153.       En este contexto la Sala concluye que los artículos 2, 4 y 5 (parcial) son exequibles al acreditar el cumplimiento de los presupuestos formales y materiales para la expedición de un decreto legislativo de desarrollo. Asimismo, al tratarse de disposiciones instrumentales, encuentra exequibles los artículos 1 y 7 (sobre el objeto del decreto y la vigencia del DL 106 de 2025).

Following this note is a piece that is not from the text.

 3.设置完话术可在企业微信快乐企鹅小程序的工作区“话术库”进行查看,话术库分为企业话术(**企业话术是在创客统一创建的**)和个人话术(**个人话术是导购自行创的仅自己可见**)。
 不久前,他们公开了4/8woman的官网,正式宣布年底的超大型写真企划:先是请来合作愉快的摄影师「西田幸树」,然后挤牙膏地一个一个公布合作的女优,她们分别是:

154.       Conclusión. En atención a los juicios realizados la Sala constata, en primer lugar, que el DL 106 de 2025 cumple con el presupuesto formal. Por otro lado, las medidas relacionadas con la suspensión de procesos (art. 2), los criterios de priorización (art. 4) y; la recuperación y pago de cartera (art.5 y su parágrafo 1°), satisfacen los juicios que componen el presupuesto material, por lo que serán declaradas exequibles, salvo las expresiones “con independencia de su lugar de cumplimiento o ejecución” contenida en el artículo 2 y “otros” contenida en el artículo 4, que no superaron el juicio de finalidad. Finalmente, las medidas de acuerdos de refinanciación (art. 3) y de compra de cartera (parágrafo 2 del art. 5), serán declaradas inexequibles al no superar el juicio de necesidad jurídica, habida cuenta que el ordenamiento jurídico ordinario contempla medidas que permiten la celebración de acuerdos sin el cobro de intereses moratorios y la compra de cartera por parte del FONSA.

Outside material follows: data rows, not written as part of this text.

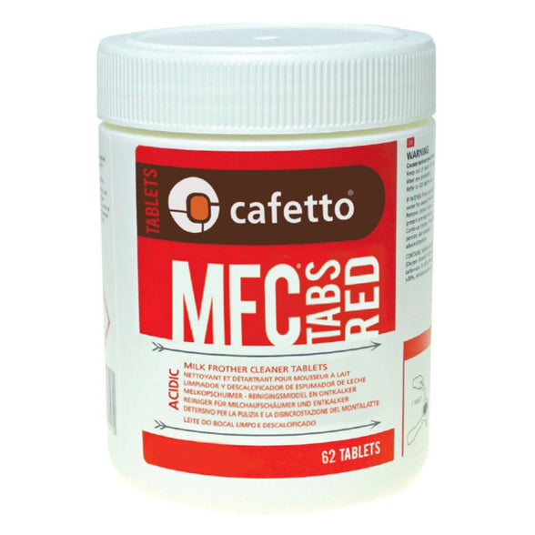 Acidic Milk System Cleaning Tablets MFC® Tabs Red is a high performance descaling and cleaning powder suitable for cleaning milk lines, frothers and parts of automatic espresso machines. Ideal for cold regions where freezing is an issue. Each clean requires only one tablet. Non corrosive formulation that is safe for all espresso machine and coffee brewing equipment parts. Directions TO CLEAN MILK LINES AND FROTHERS 1. Flush out milk system with 500ml of fresh water. 2. Add 1 tablet to 500ml warm water (75˚C) in a container or jug. 3. Stir until tablet is completely dissolved. 4. Flush the entire solution through the milk system following the machine manufacturer’s cleaning instructions. 5. Once the solution is dispensed, rinse the container. Fill the container with 1 Litre of clean water and flush through the milk system to thoroughly rinse. TO CLEAN MILK SYSTEM MACHINE PARTS 1. Add 1 tablet per 500ml of warm water (75˚C) in a container. 2. Stir until tablet is completely dissolved. 3. Add parts to be cleaned and allow to soak for 30 minutes. 4. Rinse thoroughly in clean water and dry with paper towel or clean cloth. Recommended For Weekly use for hard water conditions.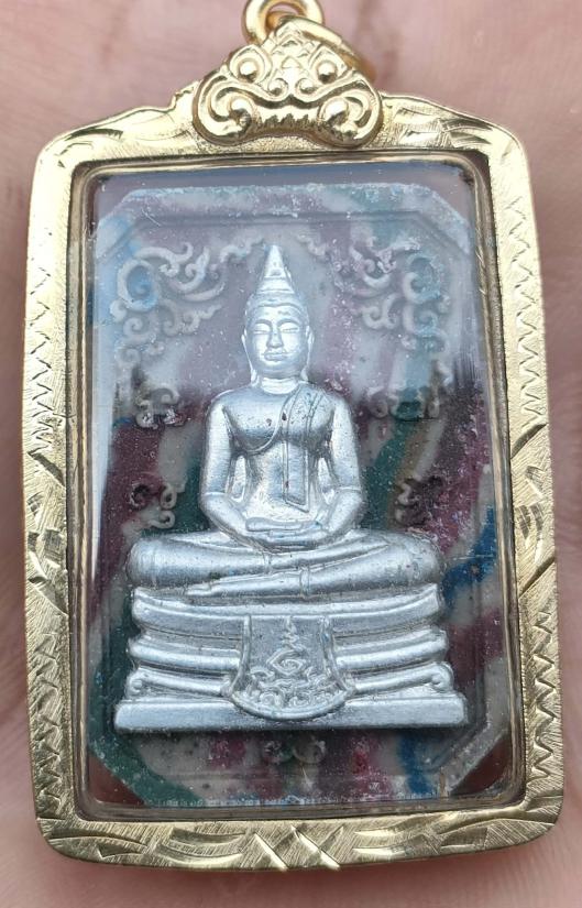 หลวงพ่อโสธร พิมพ์แปดเหลี่ยม รุ่น"ประทานพร"ปี63 วัดโสธรวรารามวรวิหาร จ.ฉะเชิงเทรา เนื้อผงก้นครก หน้ากากเงิน อุดกริ่ง เลี่ยมกรอบทองไมครอนพับหลัง หมายเลข ๑๐๘ พร้อมกล่อง องค์นี้เนื้อหลักของรุ่น พระสวยเลขสวย (ผงว่าน 108 เลข 108)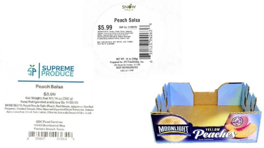 Snow Fruit brand peach salsa, distributed by Houston-based JFE Franchising Inc., also carries a recall. The affected product includes a 16-ounce plastic clam-shell container of peach salsa retailing for $5.99 to $6.99 at Kroger, according to the Nov. 4 FDA announcement. The company initiated its voluntary recall on Nov. 3 “in alignment with our commitment to consumer safety and regulatory compliance,” the company said in a statement.
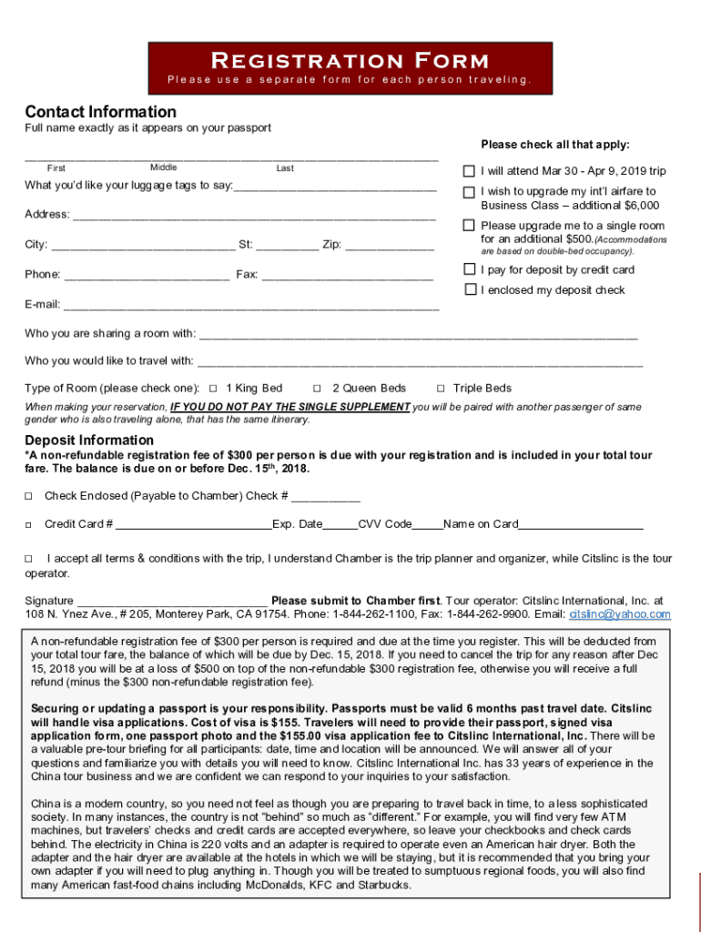 Re GI s Trey ti o n Form Please use a separate form for each person traveling. Contact Information Full name exactly as it appears on your passport FirstMiddleLastPlease check all that apply: I will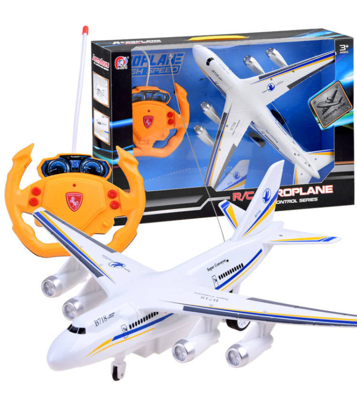 Tālvadības pasažieru lidmašīna ar pulti ir ideāls piedāvājums ikvienam mazam aviācijas fanam. Lidmašīna tiek vadīta ar pulti, kas izskatās kā stūre, un var braukt uz priekšu, atpakaļ, pa labi un pa kreisi. Spilgti apgaismoti efekti padara spēli vēl aizraujošāku.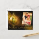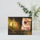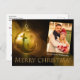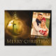 En modern kristen julkortsdesign med ditt familjefoto och namn ovanför ett glimmerande glimmerande guld God jul bredvid en guld-julprydnad med en reflektion över Kristus kor. Du kan anpassa hälsning, returadressen och namn i manuset nära grund med plats för att lägga till en personlig anteckning.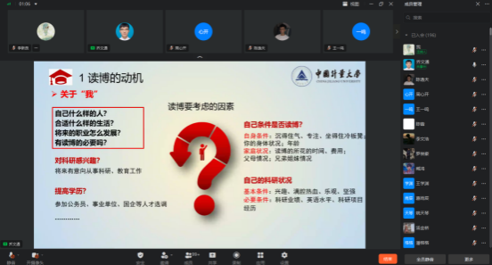 线上交流中,乔文通从自身经历出发,详细讲述了自我读博动机的转变以及申博的过程,从摇摆不定、怀疑自我能力到明确目标、坚定读博信念,从了解申博常识到收到博士录取通知,他用自身不算顺利的申博历程来提醒有意读博的师弟师妹们尽早着手准备,注重平时积累,丰富知识储备,在硕士期间多发表高水平论文,做好科研工作。当下正在申请博士的朱旭凡则从申请材料的准备、研究计划的撰写、选择学校和导师的经验、联系导师应注意的事项以及本校博士招生政策等五个方面进行了详细说明,鼓励同学们深入参与导师的科研项目,夯实科研创新能力。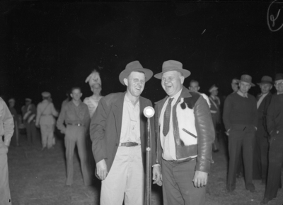 Singers at the Electra, Texas Chuck Wagon Feed are Clifford Gage, left, and W. L. Gassity, Electra, Texas. The men are standing in front of a microphone.The dinner is sponsored by the oil bureau of the Electra Chamber of Commerce. This photograph was published in the September 28, 1941 morning edition of the Star-Telegram.

D.               REMEDIO JUDICIAL

155.       Teniendo en cuenta lo expuesto la Sala declarará: (i) la inexequibilidad por consecuencia del artículo 6; (ii) la exequibilidad de los artículos 1, 2, 4, 5 (parcial) y 7 del DL 106 de 2025, salvo las expresiones “con independencia de su lugar de cumplimiento o ejecución” contenida en el artículo 2 y “otros” contenida en el artículo 4 y; (iii) la inexequibilidad de los artículos 3 y el parágrafo segundo del artículo 5 del mencionado decreto legislativo.

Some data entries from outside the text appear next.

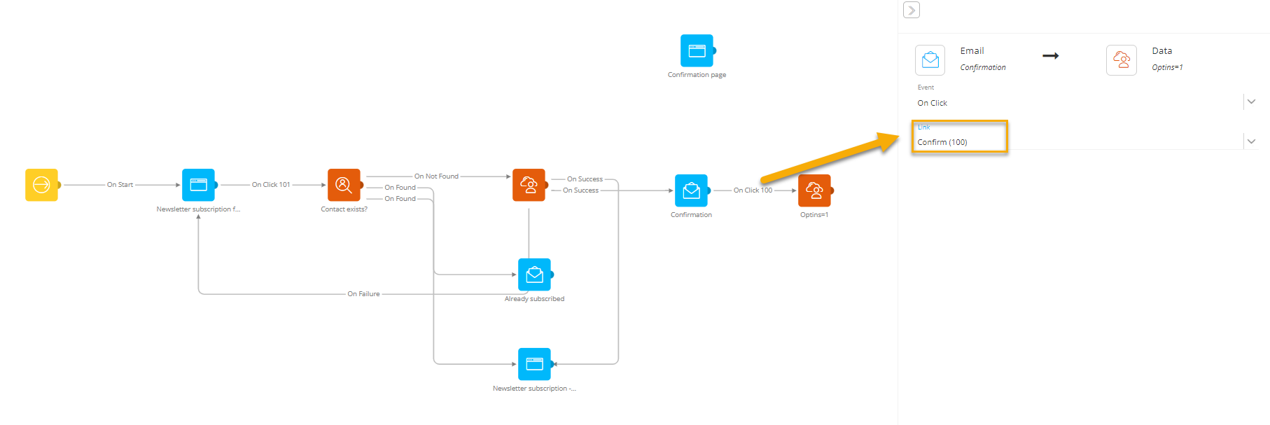 10. Finally, when the contacts clicks the 'Confirm' link in the 'Newsletter subscription Confirmation' email, you still have to update the opt-in values from 99 to 1. By using 99 earlier, you can identify which newsletter opt-ins they chose. Drag a Data Component on the canvas and link the Confirmation email 'Confirm' link to the Data Component.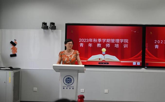 何亭副院长主要对学校和学院的教师管理和教学管理规章制度进行介绍与讲解。她结合现实教学案例,鼓励老师们转变教学观念、扎实教学技能、挖掘教学资源、融合课程思政等,并在培养学生全面发展方面提出了新理念、新要求。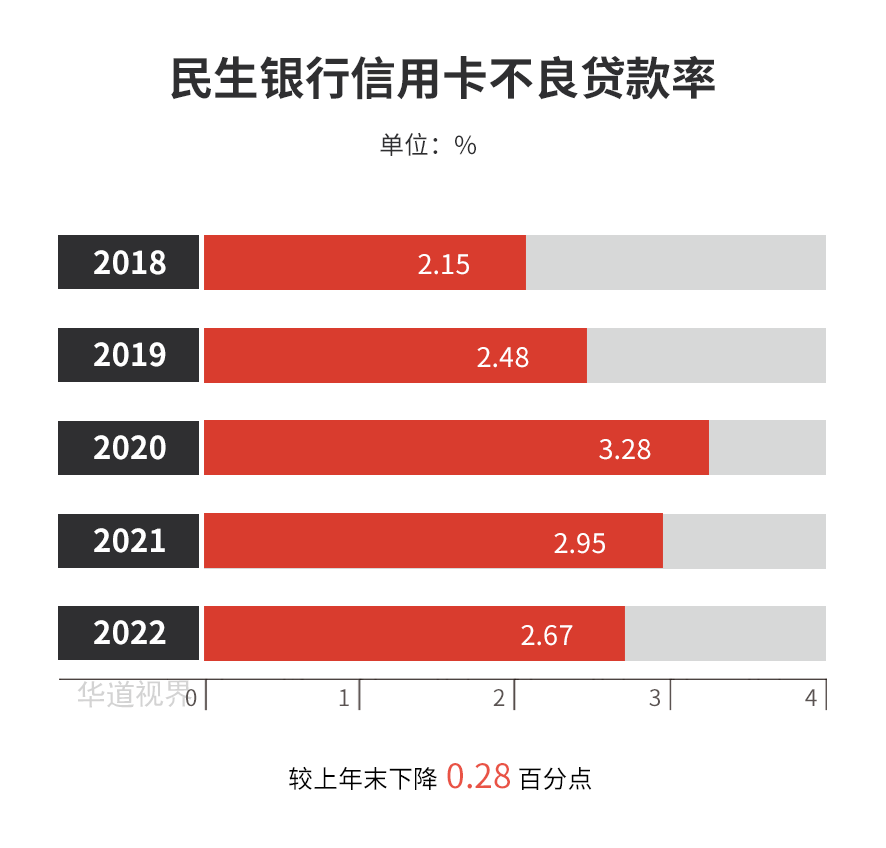 截至報告期末,民生銀行信用卡不良率為2.67%,較上年末下降0.28個百分點;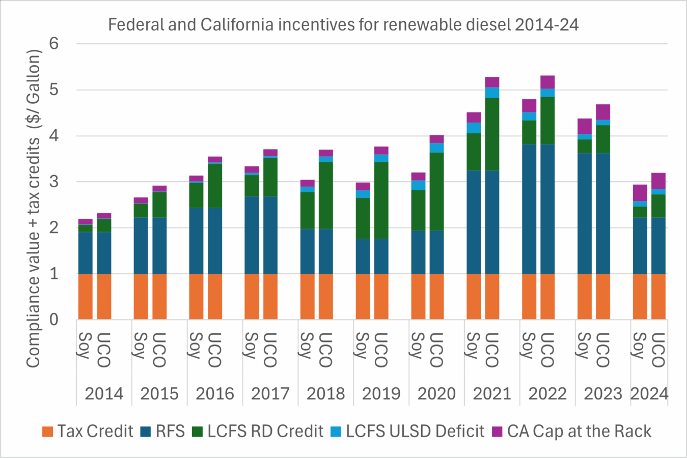 Renewable diesel incentive stacks 2014-2024

156.       En atención a las decisiones de inexequibilidad que se adoptarán en la parte resolutiva de la presente sentencia, la Sala estima pertinente precisar que sus efectos serán a futuro por dos razones: en primer lugar, la Corte ha sostenido que, como regla general, la declaratoria de inconstitucionalidad de una norma tiene efecto hacia futuro o ex nunc[102] ante la necesidad de proteger los principios como la seguridad jurídica o la buena fe ya que antes de que se expidiera el fallo judicial la norma gozaba de presunción de constitucionalidad y, por ende, es legítimo asumir que los ciudadanos y la administración orientaron su comportamiento confiados en la validez de la norma[103]. En segundo lugar, las normas no afectaron derechos fundamentales y tampoco se observó una violación flagrante y deliberada de la Constitución[104], por lo que tampoco se configuran las circunstancias para arribar a otra determinación.